You kept up a running commentary about the state of the world as we drove to your mechanic and related the ethnic and neighbourhood shifts of Montreal. You read the Gazette every day and you’d seen the world change. You had opinions and you made me laugh.

I’m smiling to think of the quips that often came under your breath when you didn’t know anyone was listening, or maybe you did and maybe that was the point. I’m smiling at the expressions that took up your whole face when you’d share a conspiratorial glance and a grin. 

I saw you happiest that one summer at the lake and I’ve missed it ever since. When you smiled, it was impossible not to smile back.


I’m not at my most eloquent and I wish I could be. Maybe the rest of the words are caught up in the waves of feelings that we all rode together, some frequent companions and some too fleeting to even be consciously known.

We were there, and you knew we were there, and we knew that you knew. 

We were all there and you are right here.

I miss you. I love you.


May your memory be a blessing.

I Saw

Some news came from home earlier this week, the kind of news that you start to expect at a certain point but are still caught utterly unprepared when it comes.

And I’ve been away a long time.


We had a storm last night that was more wind than rain. The wind persisted throughout the day but the sun came out in full force this morning. The leaves turned gold and sparkled. A friend and I have been tracking the colour changes in a certain tree and almost all the green is gone now. There was so much green on Monday.

The sun came out this morning, and so did a rainbow.

I don’t believe in signs, but I also don’t not believe in signs. A roommate in university told me she saw ghosts at the end of my bed. I shrugged. Maybe she did. I have enough of them, though I didn’t know it at the time.

I don’t believe in signs, but this morning I saw a rainbow.

I saw a rainbow, and when I opened the window to take a photo for a friend, it slowly faded away. I laughed, put down the camera, and looked up again. There it was.

Call it a sign, if you’d like. I’ll take it. Regardless, it was a reminder to look, and appreciate, and breathe.

Weimar, Germany – October 2021

Homesick

is not a word that I use. It is not a word that I like because it connotes being taken over by something – this is, after all, what happens when we are sick. It is one thing to miss my family, which is the case every single day, but this is an emotion like love. It’s beautiful to notice because it means they matter to me. Missing my family is a deep sensation, one that I feel through my whole body, but one that comes in waves.

However, it seems that to be homesick is beyond what I feel.
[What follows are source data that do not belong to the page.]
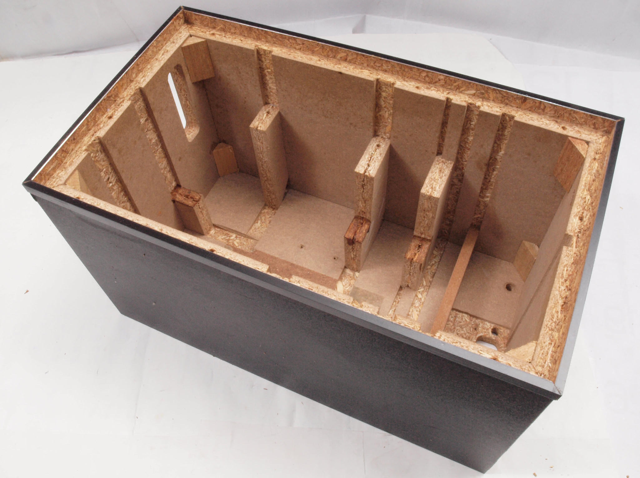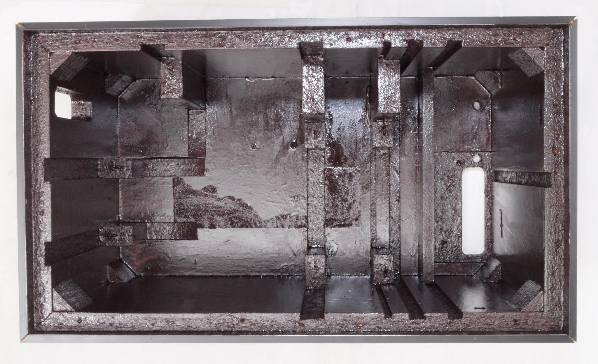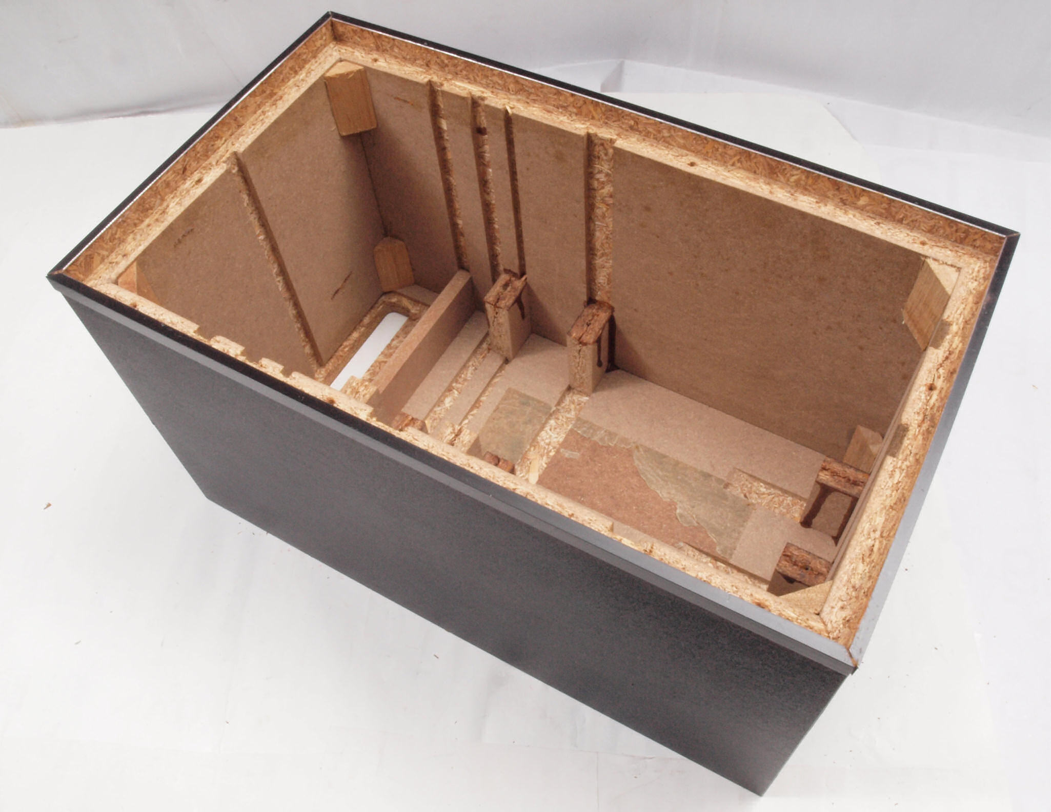 C47. 修理前 接着材が劣化した木箱、下後左から見る。
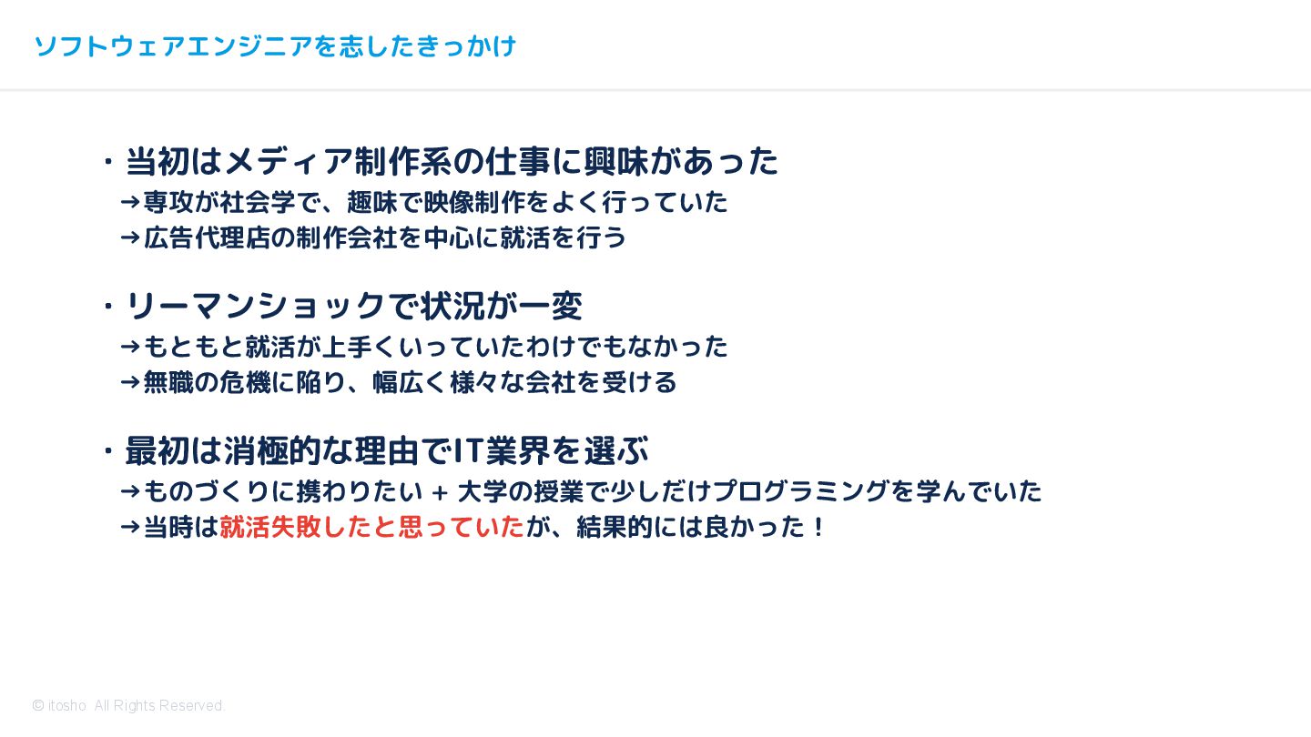 © itosho All Rights Reserved. ソフトウェアエンジニアを志したきっかけ ・当初はメディア制作系の仕事に興味があった →専攻が社会学で、趣味で映像制作をよく行っていた →広告代理店の制作会社を中心に就活を行う ・リーマンショックで状況が一変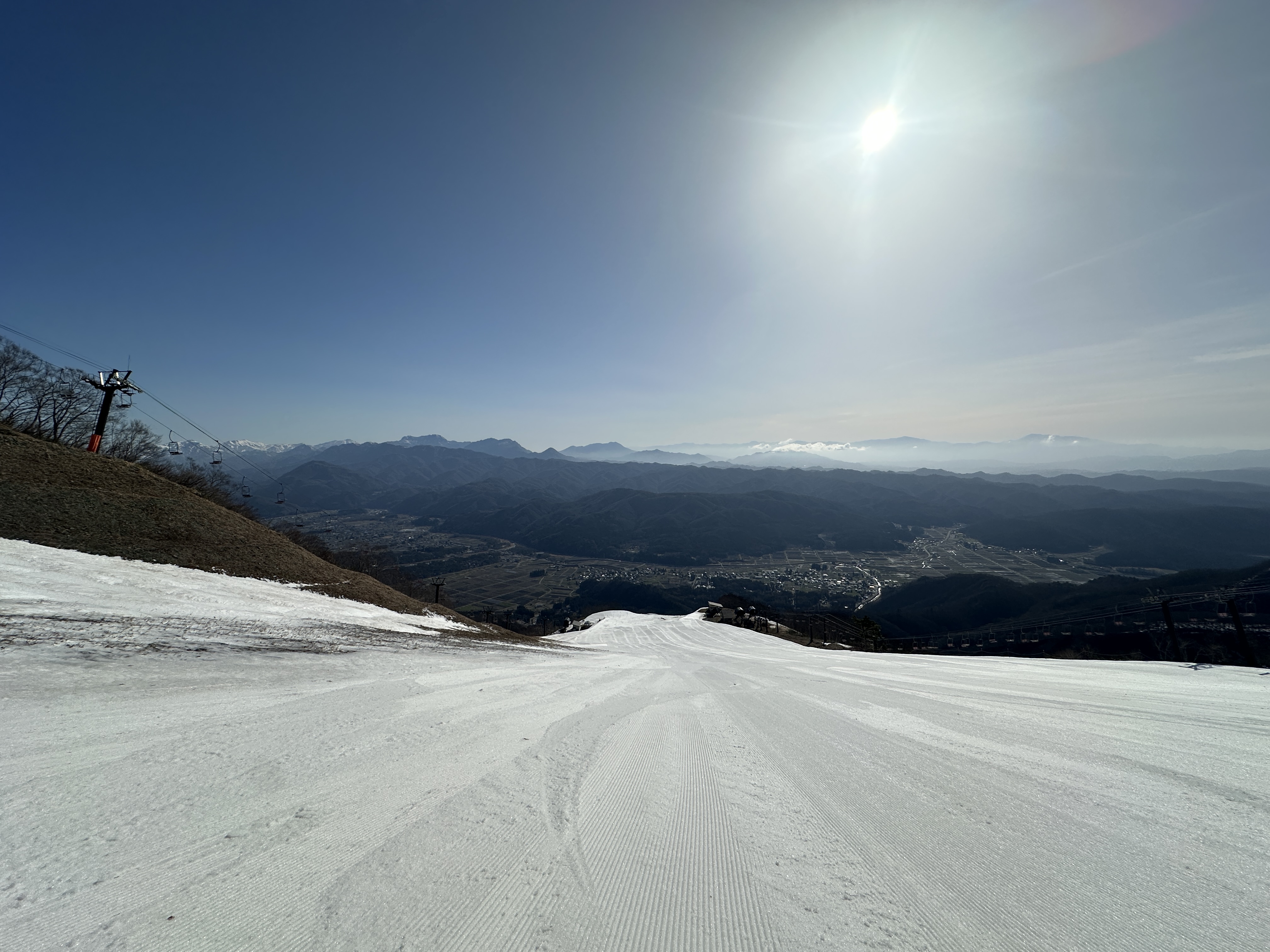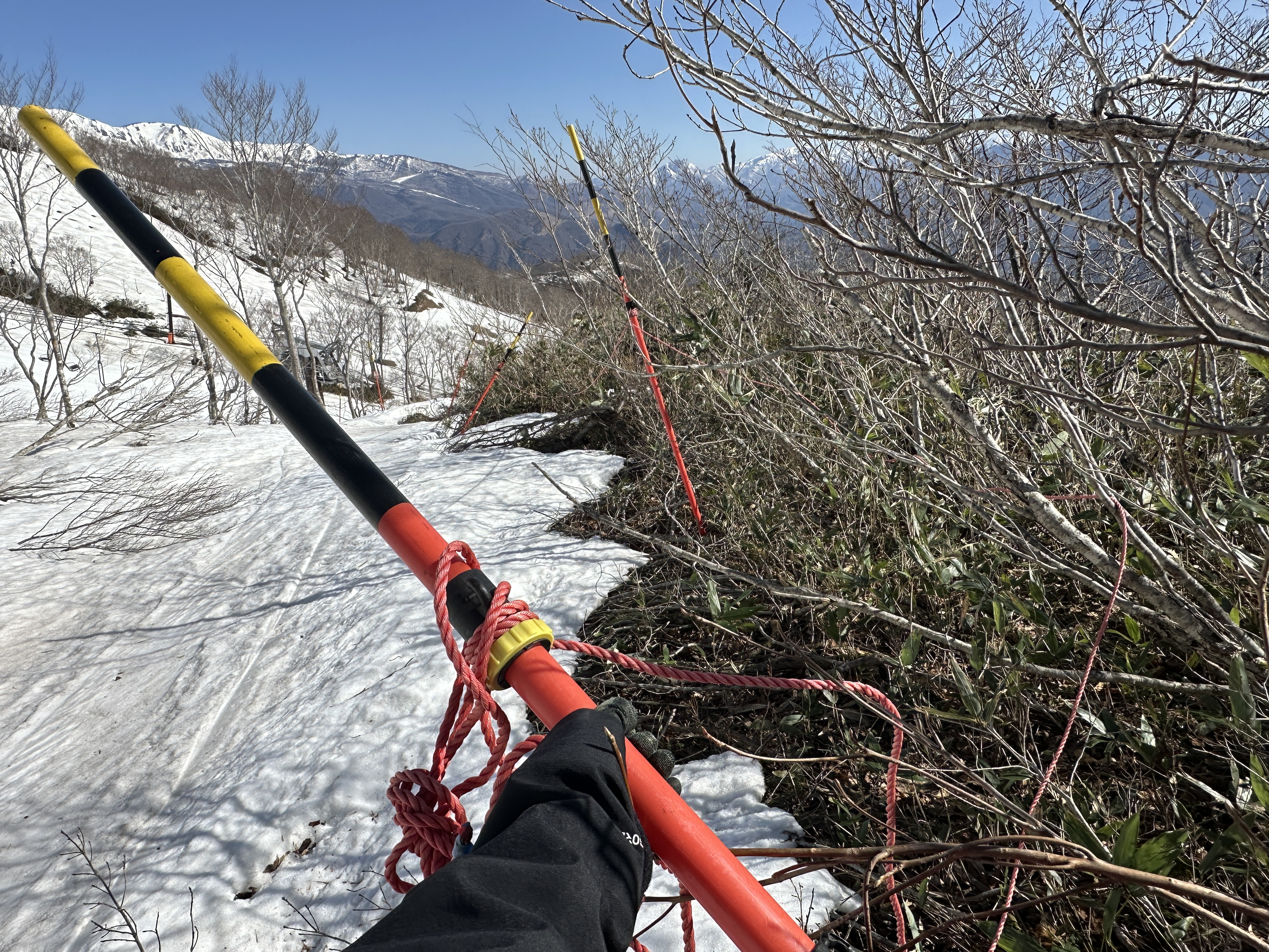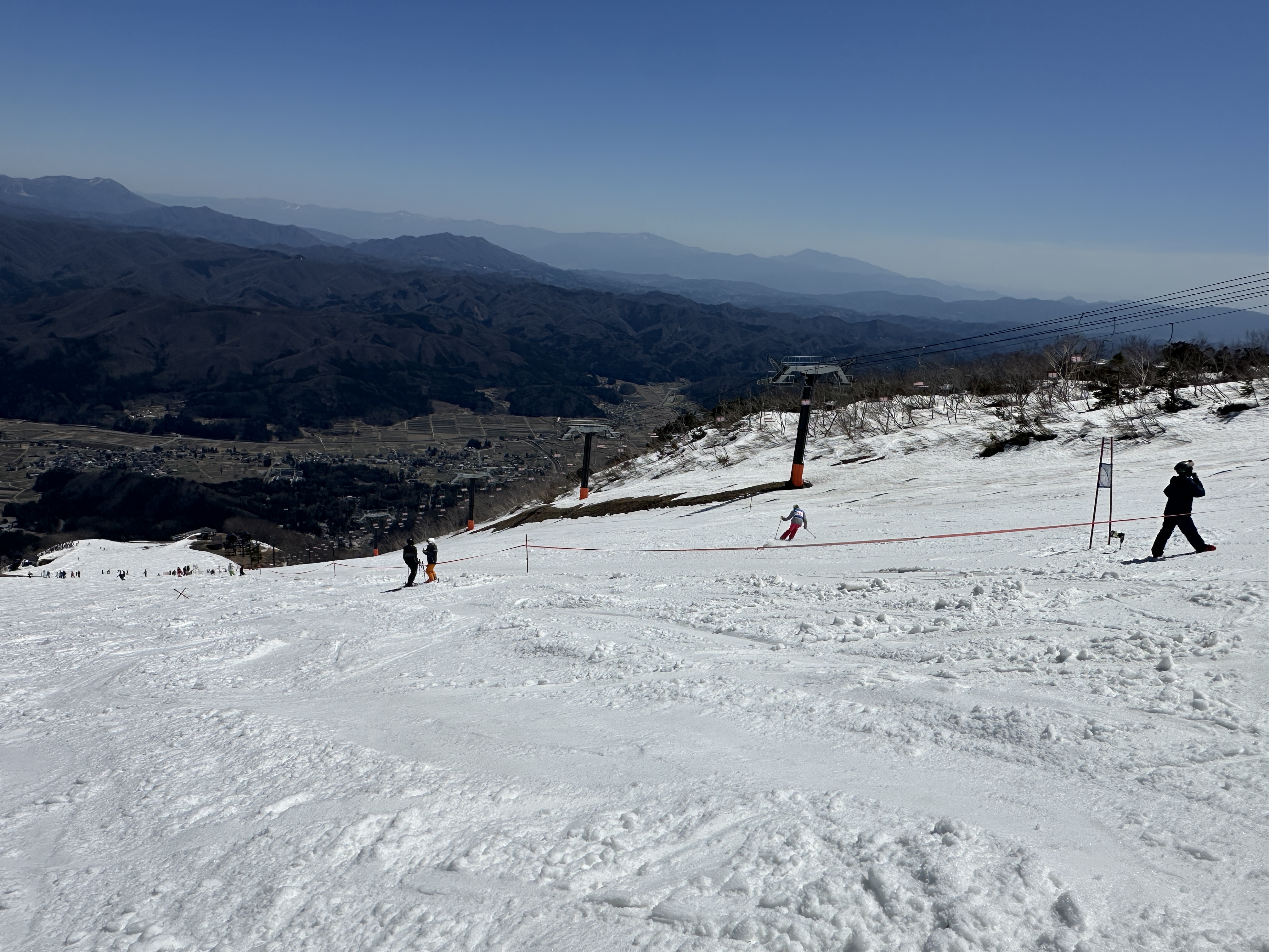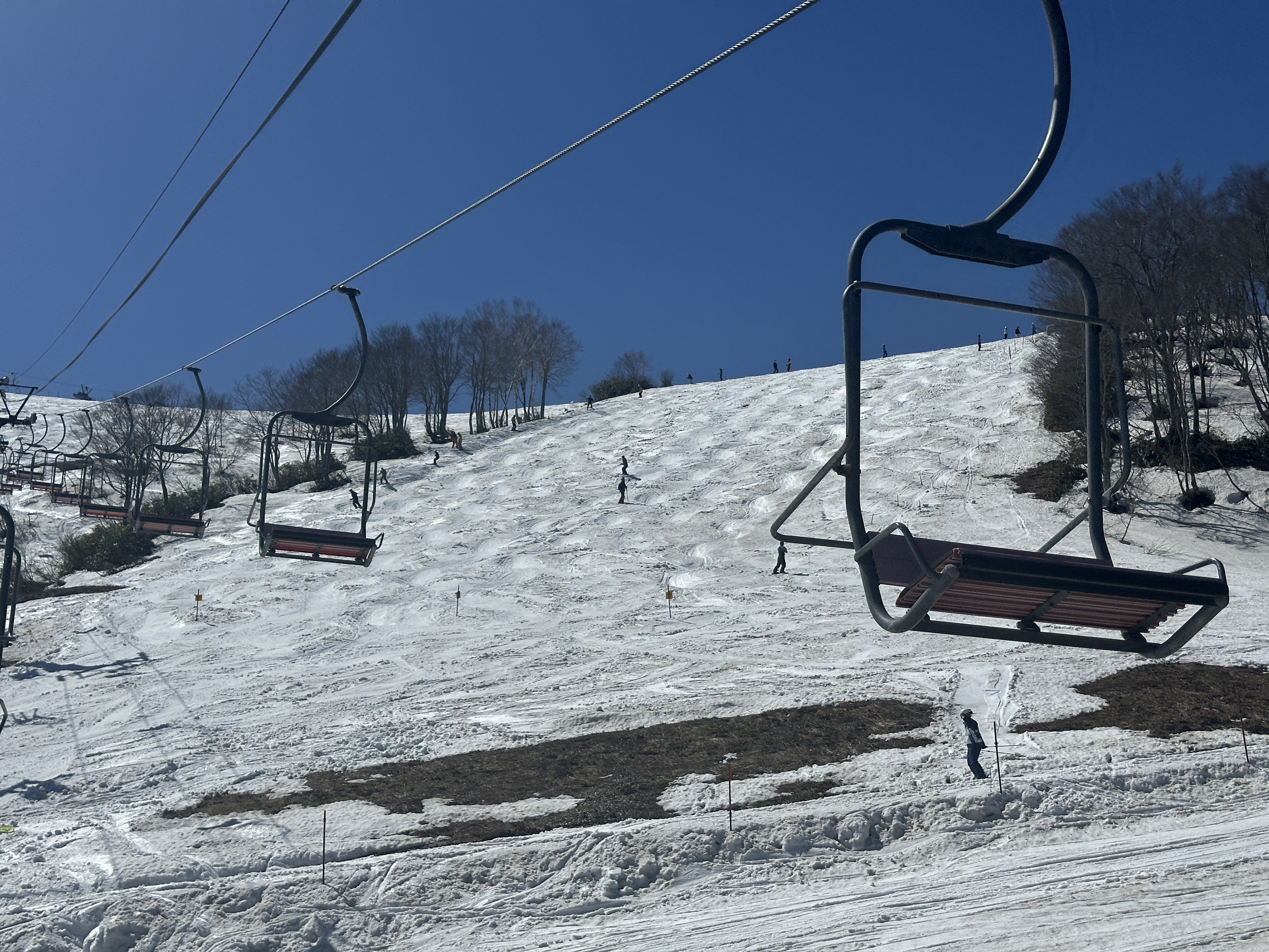 胸いっぱいに花粉入り空気を吸いこみながら、穴が無いかな、雪はどうかな、とゲレンデチェック。

It is what I am, and it is consuming.

I settled on this word because I could not otherwise describe how I felt after a perfectly normal, pleasantly busy day over the weekend. Out of nowhere came the sense that a physical space was suddenly empty, as though it had been full of energy mere minutes before and something was now gone. In that empty space came the feeling that anything I tried to do, and I tried a number of things, had a missing piece that had not previously been missing.

Writing these words brings to mind when I was a child and I used to have a hard time during our one-night sleepover at camp. By the second or third year, we figured out that as long as I “didn’t plan to stay” and my dad had to bring my bag or pillow, I would be alright. I just needed a hug. When I was little, my dad could put my whole world back together when it seemed to fall apart.

Both age and life experience assure me that my world has not fallen apart. Quite the contrary, in fact. Rather, it seems like the larger world has moved on while my world is floating aimlessly, looking for somewhere to land. There is a fist over my heart and it is keeping me awake at night, which makes it difficult to focus during the day. I am exhausted when I get home and time ticks by more slowly than usual. Homesick. What else might I call it?

And just like being physically ill, this will pass. It will settle. Have some tea, take some time, and life in general will move on. Homesickness will quiet into its usual state, that of missing, and the world will fit itself back together.

Until then, let this be a visceral, bodily reminder that the people in my world are what make it go round.